Background information
- Origin: Fremont, California, United States
- Genres: Garage rock; psychedelic rock;
- Years active: 1963-1967
- Labels: Amber, Brent, Mainstream
- Past members: Jim Hockstaff; Bob Hoyle III; Ron Rotarius; Gary Clarke; Chuck Tedford; Jim Redding;

= Harbinger Complex =

American garage/psychedelic rock band

Harbinger Complex was an American garage rock/psychedelic rock band from Fremont, California, who were active in the mid-1960s. In the years since their breakup, their work has come to the attention of garage rock fans and collectors and has appeared on several retrospective compilations including the Nuggets 4-CD box set. They are best-remembered for their 1966 song, "I Think I'm Down."

==History==

The band began in 1963 in Fremont, California in the East Bay area, not far from San Francisco. They were founded by Bob Hoyle III and Ron Rotarius, who had begun playing guitar together several years earlier when they were in the eighth grade. The two continued to collaborate in high school, where, as sophomores, they recruited friends to put together a band called the Norsemen. In 1965, Hoyle was called, as a Naval reservist, to active duty in Vietnam. By the time he returned in 1966, the band, now called Harbinger Complex, had already been performing under the leadership of Rotarius. Upon re-entering, Hoyle became the band's lead guitarist, while Rotarius went to rhythm guitar. During Hoyle's stint in Vietnam, the band had brought in Jim Hockstaff, known for his "Dionysian exploits," to become the group's lead singer and front man. The other members were Gary Clark (bass), Jim Redding (drums), and Chuck Tedford (organ). Tedford left the band shortly thereafter, and would not appear on any of the group's recordings.

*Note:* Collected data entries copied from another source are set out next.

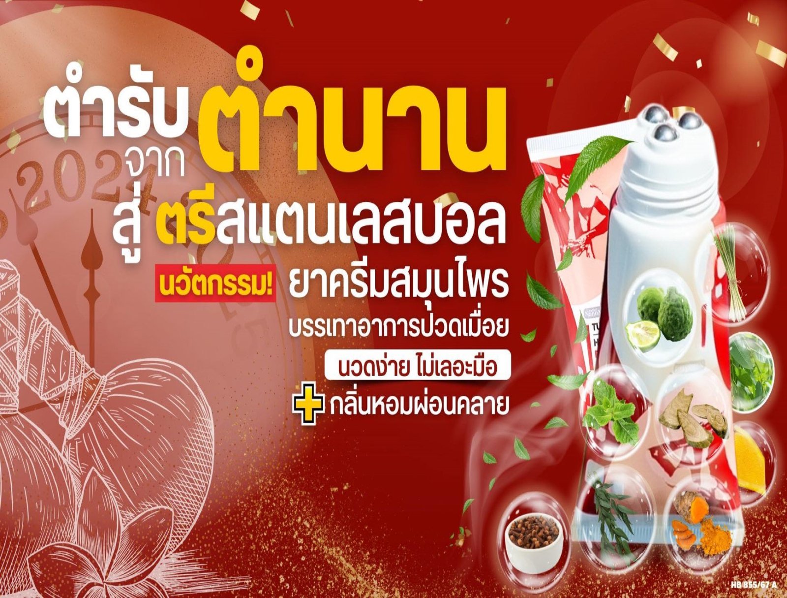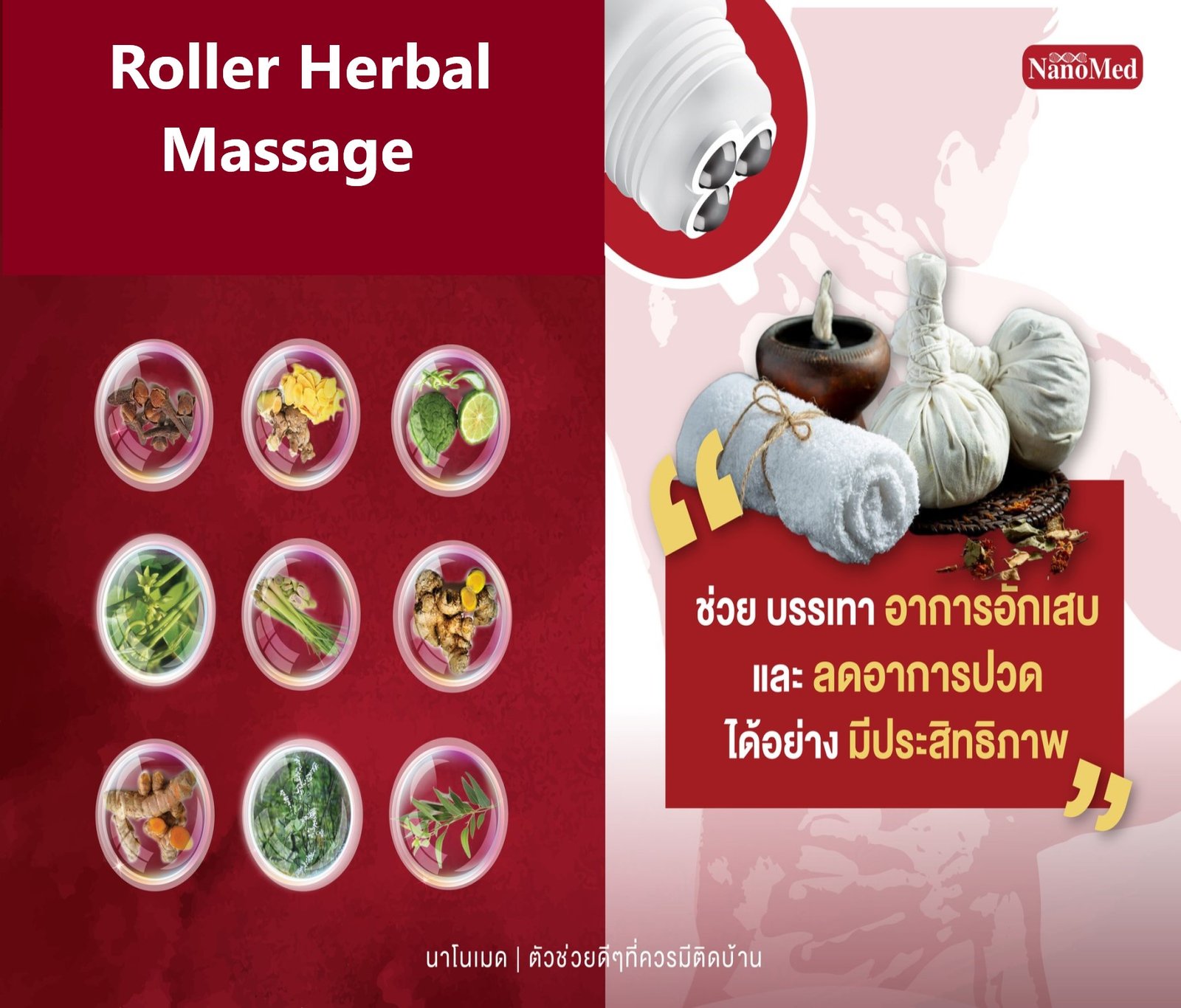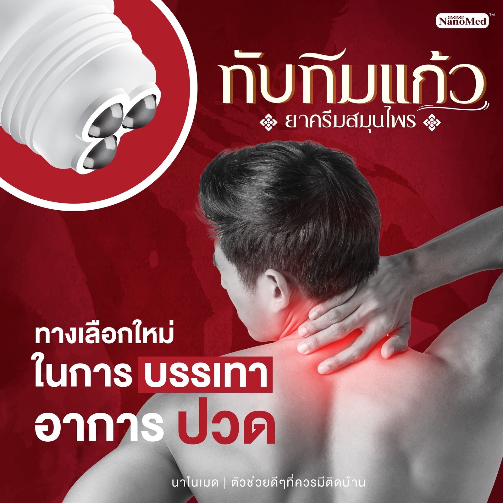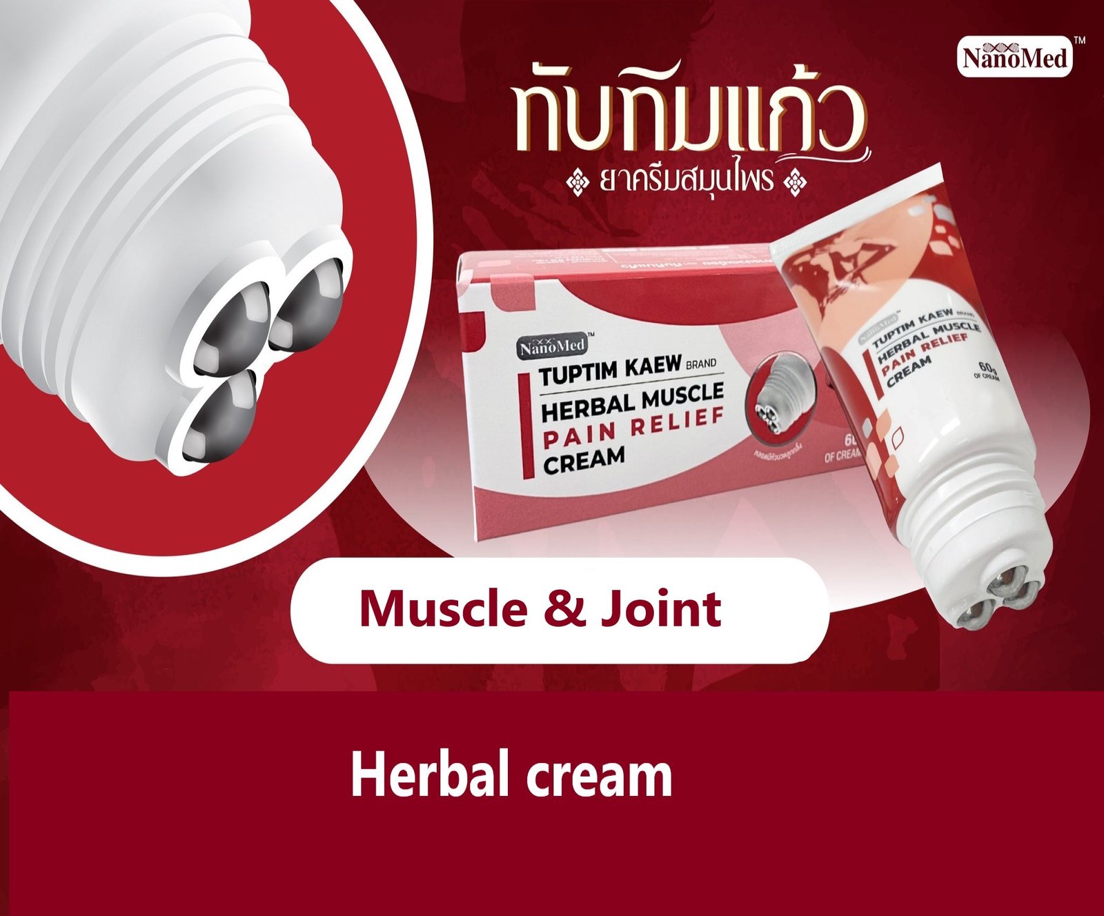 – Pain-relieving cream with a rolling ball head which smoothly spreads the soothing herbal extracts from the Thai herbal compress recipes. More than 9 kinds of herbs, comes together to form a relaxing herbal cream.
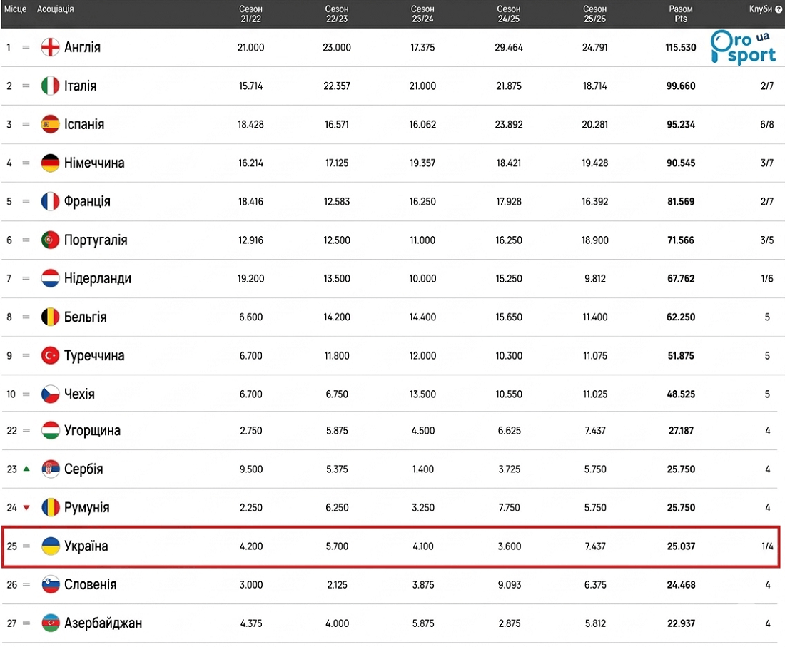 Варто зауважити, що поза межами топ-11 таблиці коефіцієнтів УЄФА Україна залишається єдиною асоціацією в рейтингу, яка все ще має як мінімум одного представника в єврокубках.
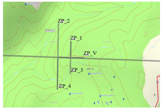 In Figure 1, ZP_V is the initial position of the leader of the group of UAVs, and ZP_i, i = 1, 4 are the initial positions of the members of the group of UAVs, 1 to 4. Other group members, at designated distances for the flight duration, follow the group leader. Based on data from other UAVs, other group members determine its position. The coordinates of the initial position of the members of the UAV group are shown in Table 1. When creating a model of the movement of five flying UAVs, they chose the formation they would fly in. At the head of the formation is the leader of the group, and to its left and right sides are two UAVs. In developing the model, a condition was observed that the maximum distance between the group’s leader and any group member should not exceed 1000.0 m. We assumed that the group would form in the surrounding area of the Sliač airbase and fly eastward at an altitude of 1850.0 m. The initial position of the group is shown in Figure 1. The distance between group members is at least 300.0 m.
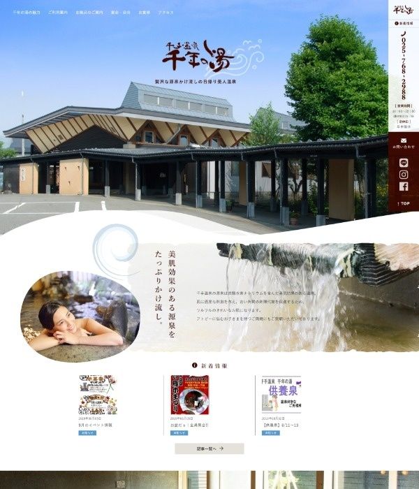 豊富な湯量で源泉かけ流し、美肌になると評判の「千手温泉 千年の湯」様のホームページ制作をいたしました。

The band, who had developed a large following in Fremont, went to Golden State Records' studio to cut their first single released on the Amber label, “Sometimes I Wonder” b/w “Tomorrow's Soul Sound” in April 1966. These two songs, as with all of their subsequent recorded material, were written by Hockstaff and Hoyle (credited as "Hockstaff and Hoyle III"). Right around the time of their first single's release, they opened for Paul Revere & the Raiders, along with the Baytovens. In August 1966, the Harbinger Complex came out with their second single, “I Think I’m Down” b/w “My Dear and Kind Sir," which was released on the Brent label, and was recorded at United Studios in Los Angeles. Jim Hockstaff left the band in early 1967, and Gary Clark took over on lead vocals thereafter. Later that year, stereo and mono mixes of four songs recorded at United, including the previously released “I Think I’m Down” and “My Dear and Kind Sir," appeared on a various artists' compilation entitled, With Love: A Pot of Flowers, released by Mainstream Records, the parent label of Brent. By the end of 1967 the band had broken up. Bob Hoyle III died on May 6, 2003. Jim Hockstaff died on April 7, 2026.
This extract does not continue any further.